- The Washington Times - Monday, February 2, 2004

LONDON — The United States and various European countries are seeking to interrogate the founder of Ansar al-Islam, the terrorist group suspected in Sunday’s suicide attacks on two Kurdish political parties in northern Iraq.

Washington also is believed to be seeking the extradition of Mullah Krekar, who is being held in Norway.

The founder of the Kurdish exile whose group — believed to be linked to al Qaeda — appeared in court in Oslo yesterday, where his detention was extended for another four weeks.

The mullah was arrested after Attorney General John Ashcroft urged during a visit in August that Norway revoke his asylum status and allow U.S. officials access to him.

Mr. Ashcroft called Ansar al-Islam a “very dangerous group” and said the organization continued to maintain terrorist training camps in northern Iraq despite being routed during the war.

The personal secretary of Jalil Talabani, leader of the Patriotic Union of Kurdistan, said from Irbil by telephone yesterday that he believes Ansar al-Islam was behind Sunday’s attacks.

Suicide bombers struck simultaneously at the headquarters of the two official parties during the celebration of an Islamic festival, the Eid of the Sacrifice. They killed at least 67 persons, including senior Kurdish leaders and commanders.

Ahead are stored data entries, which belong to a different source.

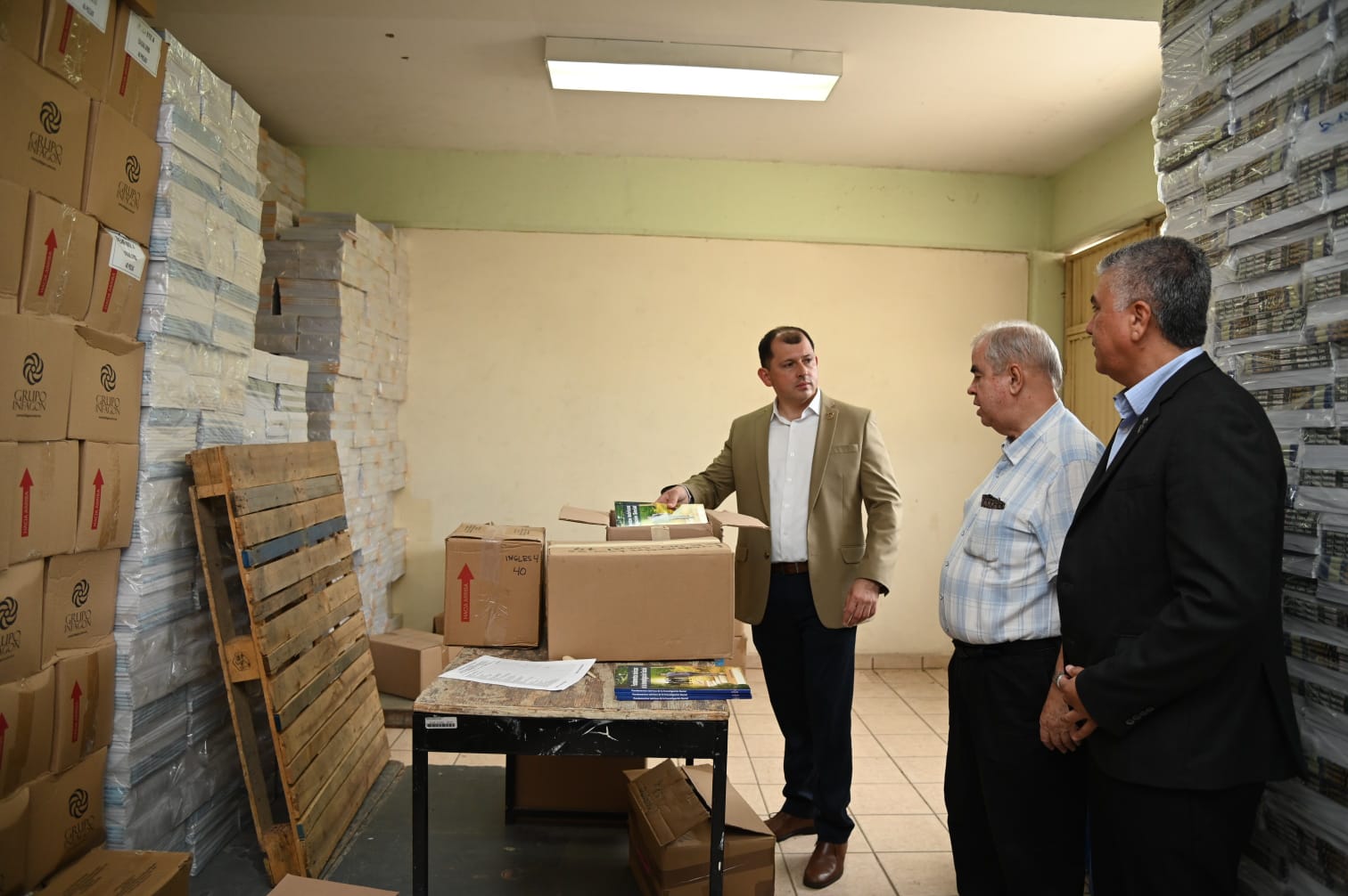 Para cerrar con broche de oro el recorrido, Flórez Arco, los dirigió a el auditorio y bodegas de las instalaciones donde se resguardan los más de 450 mil ejemplares de los 21 títulos que conforman las asignaturas y diferentes grados de este nuevo ciclo escolar, por lo que aseguró se encuentran listos para iniciar su distribución en los 103 planteles del Nivel Medio Superior que la Casa Rosalina tiene en los 20 municipios del estado.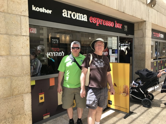 Last two stops were Tamar Bakfar near the Sea of Galilee and Aroma Tsamah at the junction. Tamar Bakfar is a dried fruit, nuts of all kinds, dates, herbal teas and a host of related items. Great little shop to wander thru. The Aroma where Manny is the GM is great. They got us in and out with our coffee.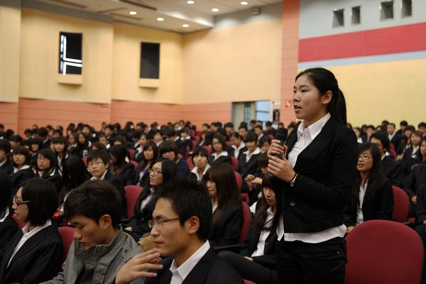面对面活动中,夏伟校长邀请邹颂炫先生、邹伟先生到台上就成长、成功和感恩与同学们进行了面对面的交流。他们用自身的经历勉励同学们要始终保持着诚信、包容和对目标不懈的坚持与追求;他们用自己宝贵的人生经验和感悟给同学们诠释了“成功”与“奉献”的深刻内涵,希望同学们要会做事,更要学会做人。交流中,同学们踊跃发言,有感恩,有提问,更有思考。两位企业家的回答精辟独到且不乏幽默,现场气氛极为热烈。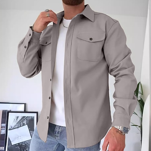 Per uomo Camicia Camicia casual Camicia di flanella Camicia con Bottoni Sopracamicia Nero Blu marino Blu Grigio chiaro Verde militare Manica Lunga Semplice Colletto Quotidiano Uscire Abbigliamento

“Our intelligence is that the actual killers were probably Ansar, but the great efficiency, and the simultaneous explosions, indicates the planning and preparation was al Qaeda itself,” said Araz Talabani, the leader’s nephew.

The PUK is one of two main Kurdish political organizations.

Under U.S., Italian and German pressure, Norwegian authorities arrested Krekar at his Oslo apartment on Jan. 2.

Since claiming asylum in 1991, the mullah had used Oslo as a base for frequent forays to northern Iraq while officially a political refugee from that country.

Just before the war, he was seen there rallying his fighters and supporters with calls for martyrdom in the battle against the infidel.

Italian police have interviewed him over suspected attempts to recruit suicide bombers and Islamic resistance fighters in Milan. No charges have been brought.

German authorities last year claimed Ansar al-Islam was planning a suicide attack on a U.S. military hospital in Hamburg in December. After a CIA tip-off, authorities temporarily shut down the hospital.

In a recent television linkup from Oslo with the Al Jazeera satellite network, Krekar boasted about a suicide bombing that killed some Kurds and an Australian free-lance cameraman in Kurdish territory during last year’s war.

The mullah says he no longer heads Ansar al-Islam, but he offered no correction when Al Jazeera described him as the head of the movement.

The Washington Times reported on Dec. 31 that Ansar al-Islam had obtained 169 suicide jackets that were made by Saddam Hussein’s security services but which fell into the hands of arms dealers after the war.

Such jackets are believed to have been used for the first time in Sunday’s attacks in Irbil.

Krekar’s Norwegian attorney Brynjar Meling said the charges faced by the cleric were based on information provided by the CIA about conversations in which he participated.

The CIA interpreted the Internet discussions in which his client had taken part as nothing more than “theological, political analysis about jihad,” the lawyer said.

He said the CIA believed Krekar was using the Internet to “order suicide bomb attacks in the last months of 2003.”